A broad tax plan crafted by President Obama and congressional Republicans would temporarily lower tax rates for Americans at every income level, while also reducing the tax liabilities of small businesses and corporations alike.
The White House on Tuesday urged reluctant Democrats to embrace the proposal, which also calls for the renewal of emergency unemployment benefits through the end of 2011.
"The American people didn’t send us here to wage symbolic battles or win symbolic victories," Obama said Monday evening in announcing the plan. "They would much rather have the comfort of knowing that when they open their first paycheck on January of 2011, it won’t be smaller than it was before, all because Washington decided they preferred to have a fight and failed to act."
Although details of the Obama/GOP plan are still emerging—and will be subject to change in any negotiations with Democrats—here are some of the key elements right now:
Income tax cuts
The plan calls for a two-year extension of the Bush-era income tax cuts, which lowered tax rates for all income levels.
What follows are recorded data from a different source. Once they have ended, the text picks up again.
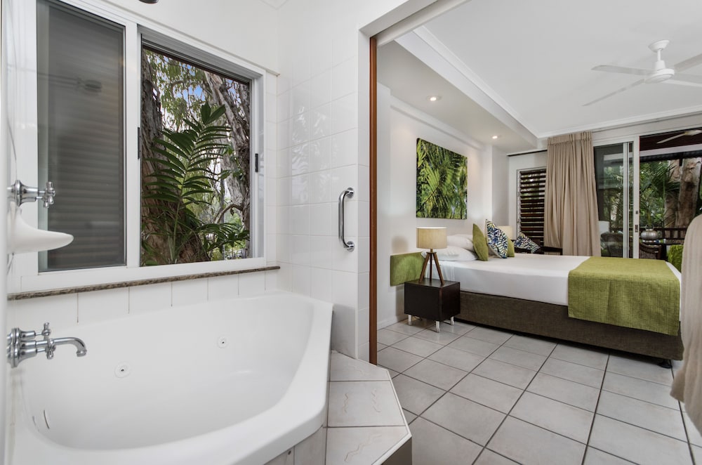 My partner and I stayed 2 nights in a superior spa suite which was very fresh, clean and spacious and the spa and kitchen were well provided. It had a lovely view overlooking the pretty heated swimming pool and we felt like we were nestled in a tranquil rainforest with many beautiful Melaleuca trees growing right next to the outdoor kitchen/living area. I highly recommend this resort - with the beach only a few steps away and also close to the many nearby restaurants it has everything you could wish for in a romantic getaway. The hosts, Jim and Joanne are welcoming, very knowledgeable of the area and helpful with local information.
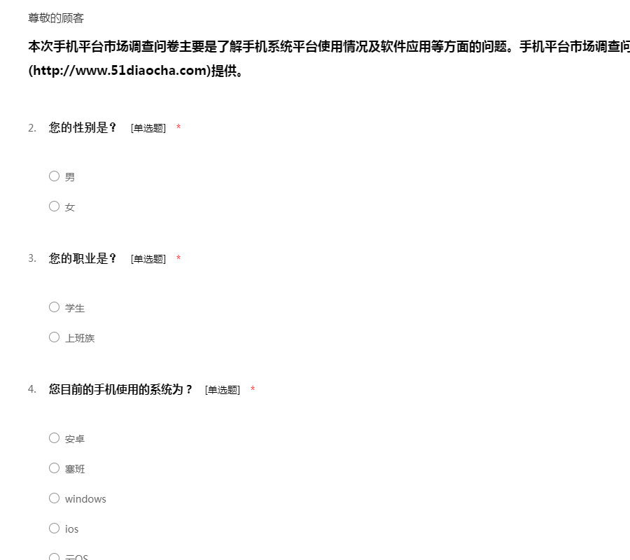 本次手机平台市场调查问卷主要是了解手机系统平台使用情况及软件应用等方面的问题。手机平台市场调查问卷模板是由我要调查网(http://www.51diaocha.com)提供。
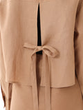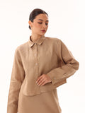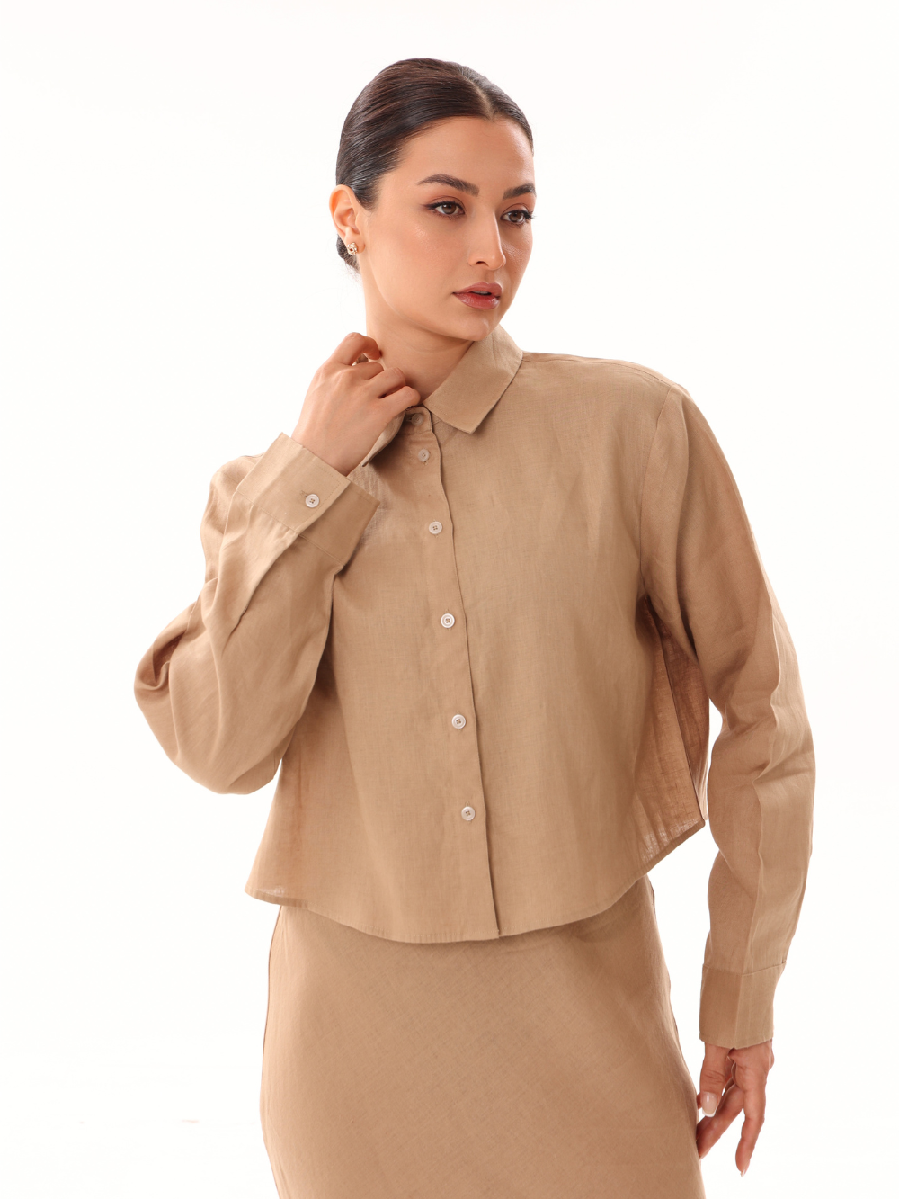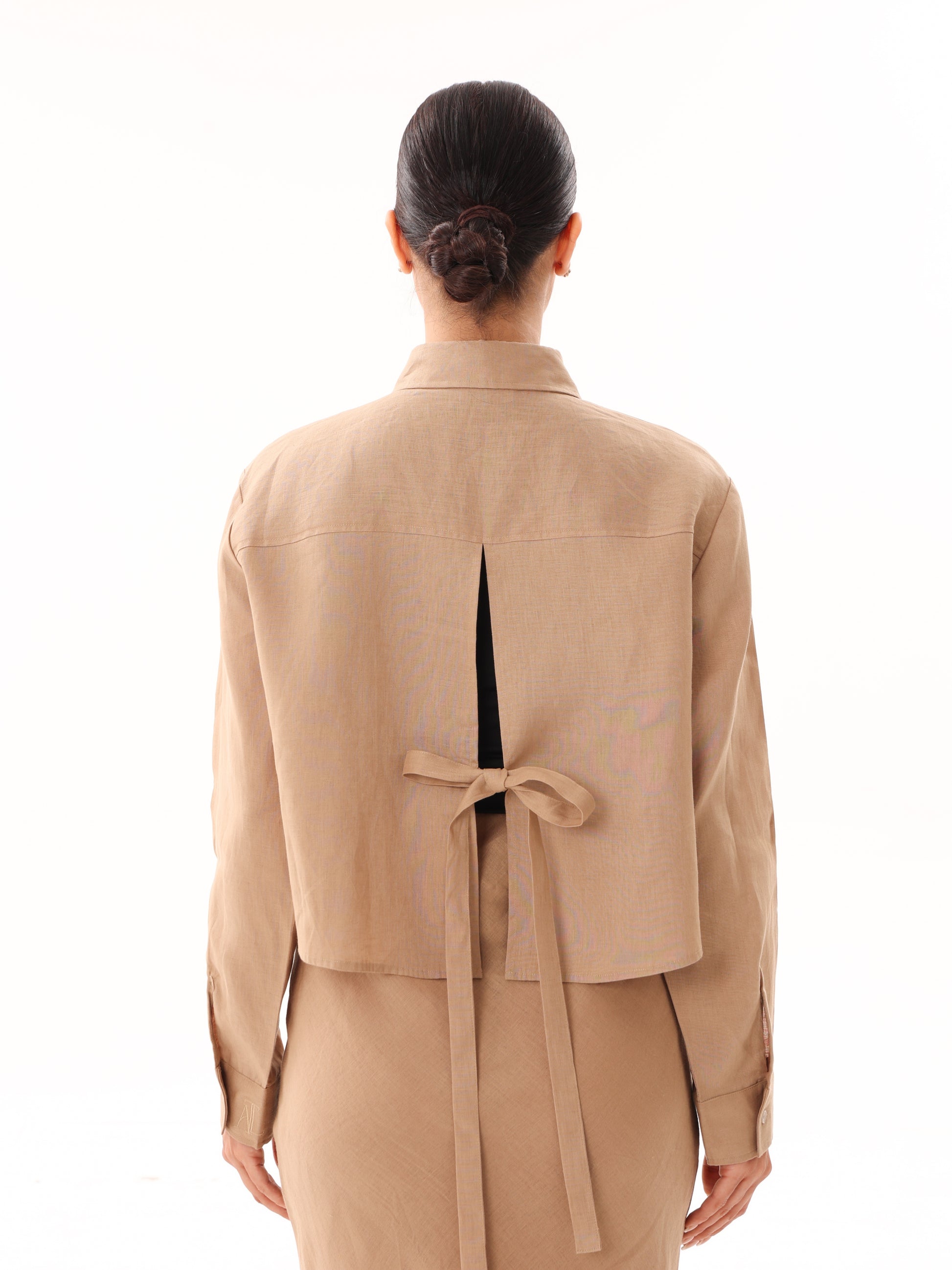 A trendy cropped button-up showcasing an open back with a long, elegant bow. Made from 100% linen, it is lightweight and breathable, making it ideal for warmer weather. Designed to layer beautifully over our linen underdress for a chic, modest look, or can be paired with our linen trousers or maxi skirts for a stylish ensemble. Either way, you’re sure to stand out.
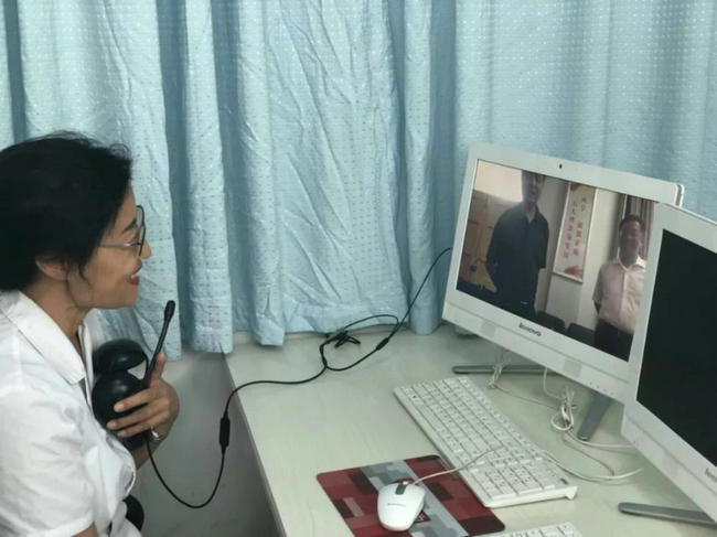 ▲ 中原工学院校长王宗敏通过“名医通”网络问诊系统与郑州大学五附院消化内科三病区主任张淑凤进行交流

For wealthy Americans, this means the highest tax bracket will remain at 35 percent. For middle-income Americans—for example, an individual earning around $80,000 a year—the rate would remain at 25 percent.
According to a fact sheet released by the White House, extending the tax cut will save the average American family $3,000 next year.
Capital gains and dividends
The proposal would also continue the 15 percent rate cap on capital gains profits and dividends. This is significant particularly for dividend income, which was set to return to being taxed as regular income in 2011.
Under the White House proposal, estates would be taxed at 35 percent in 2011, while estates up to $5 million in value would be exempt from any taxes at all. This is a significant compromise for the White House, which had previously proposed returning the estate tax rate — which was reduced to 0 percent in 2010 under the Bush tax program — to 45 percent with an exemption of $3.5 million.
Under the White House tax plan, Social Security taxes paid by workers would be lowered by two percentage points, from 6.2 percent to 4.2 percent. The White House estimates this measure will save American workers up to $120 billion next year.
Child Tax Credit
The $1,000 tax credit parents can claim on children living in their home was set to fall to $500 January 1—under the White House plan, the current child tax credit would be extended for the next two years.
Tuition Tax Credit
The 2009 stimulus bill created a tax credit of up to $2,500 for college students, allowing them to claim costly textbooks and other expenses for the first four years of college. The president's tax deal will extend this credit for the next two years.
Earned Income Tax Credit
The stimulus bill also expanded the earned income tax credit for some of the lowest-earning families in America. The White House estimates families with three or more children saved an average of $600 a year as a result of this tax break. The tax-cut plan would also extend this credit for the next two years.
Business Tax Cuts
In an apparent bid to boost economic activity, the plan would allow U.S. businesses to expense all business investments in 2011; this would be the largest temporary investment incentive in U.S. history, according to the White House.
Research from Goldman Sachs estimates that this policy would reduce corporate taxes by about $100 billion next year, though the firm cautions that low interest rates and "significant" spare capacity in the U.S. economy are likely to limit the anticipated impact of this corporate tax break.
Among other tax incentives for businesses proposed by the president is a two-year extension of the research and development tax credit.